Presto 0.100 Documentation

10.40. Release 0.61

10.40. Release 0.61

Add support for Table Value Constructors

Presto now supports the SQL table value constructor syntax to create inline tables. The VALUES clause can be used anywhere a SELECT statement is allowed. For example, as a top-level query:

VALUES ('a', 1), ('b', 2);
 _col0 | _col1
-------+-------
 a     |     1
 b     |     2
(2 rows)

Alternatively, in the FROM clause:

SELECT *
FROM (
  VALUES
    ('a', 'ape'),
    ('b', 'bear')
) AS animal (letter, animal)
JOIN (
  VALUES
    ('a', 'apple'),
    ('b', 'banana')
) AS fruit (letter, fruit)
USING (letter);
 letter | animal | letter |  fruit
--------+--------+--------+---------
 a      | ape    | a      | apple
 b      | bear   | b      | banana
(2 rows)

Cassandra

  • Add support for upper-case schema, table, and columns names.
  • Add support for DECIMAL type.

Amazon S3 support

  • Completely rewritten Hadoop FileSystem implementation for S3 using the Amazon AWS SDK, with major performance and reliability improvements.
  • Add support for writing data to S3.

Approximate Aggregation Queries

We have added experimental support for aggregate queries that return approximate results with error bounds.
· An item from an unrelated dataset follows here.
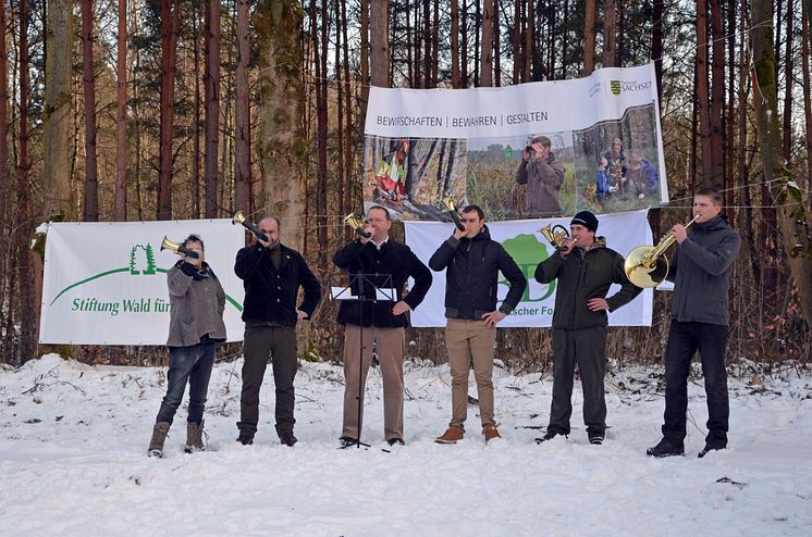 Die Wermsdorfer Jagdhornbläser spielen zur Eröffnung des Aktionsjahres „Waldgebiet des Jahres 2018“

This feature is designed to be used with sampled tables generated using the TABLESAMPLE POISSONIZED RESCALED. For example, the following query will create a 1% sample:

CREATE TABLE lineitems_sample AS
SELECT *
FROM tpch.sf10.lineitems TABLESAMPLE POISSONIZED (1) RESCALED

Then, to run an approximate query:

SELECT COUNT(*)
FROM lineitems_sample
APPROXIMATE AT 95.0 CONFIDENCE
           _col0
----------------------------
 5.991790345E7 +/- 14835.75
(1 row)

To enable this feature you must add analyzer.experimental-syntax-enabled=true to your config.

Note

The syntax and functionality for approximate queries is experimental and will likely change in future versions.

Miscellaneous

  • General improvements to the JDBC driver, specifically with respect to metadata handling.
  • Fix division by zero errors in variance aggregation functions (VARIANCE, STDDEV, etc.).
  • Fix a bug when using DISTINCT aggregations in the HAVING clause.
  • Fix an out of memory issue when writing large tables.
  • Fix a bug when using ORDER BY rand() in a JOIN query.
  • Fix handling of timestamps in maps and lists in Hive connector.
  • Add instrumentation for Hive metastore and HDFS API calls to track failures and latency. These metrics are exposed via JMX.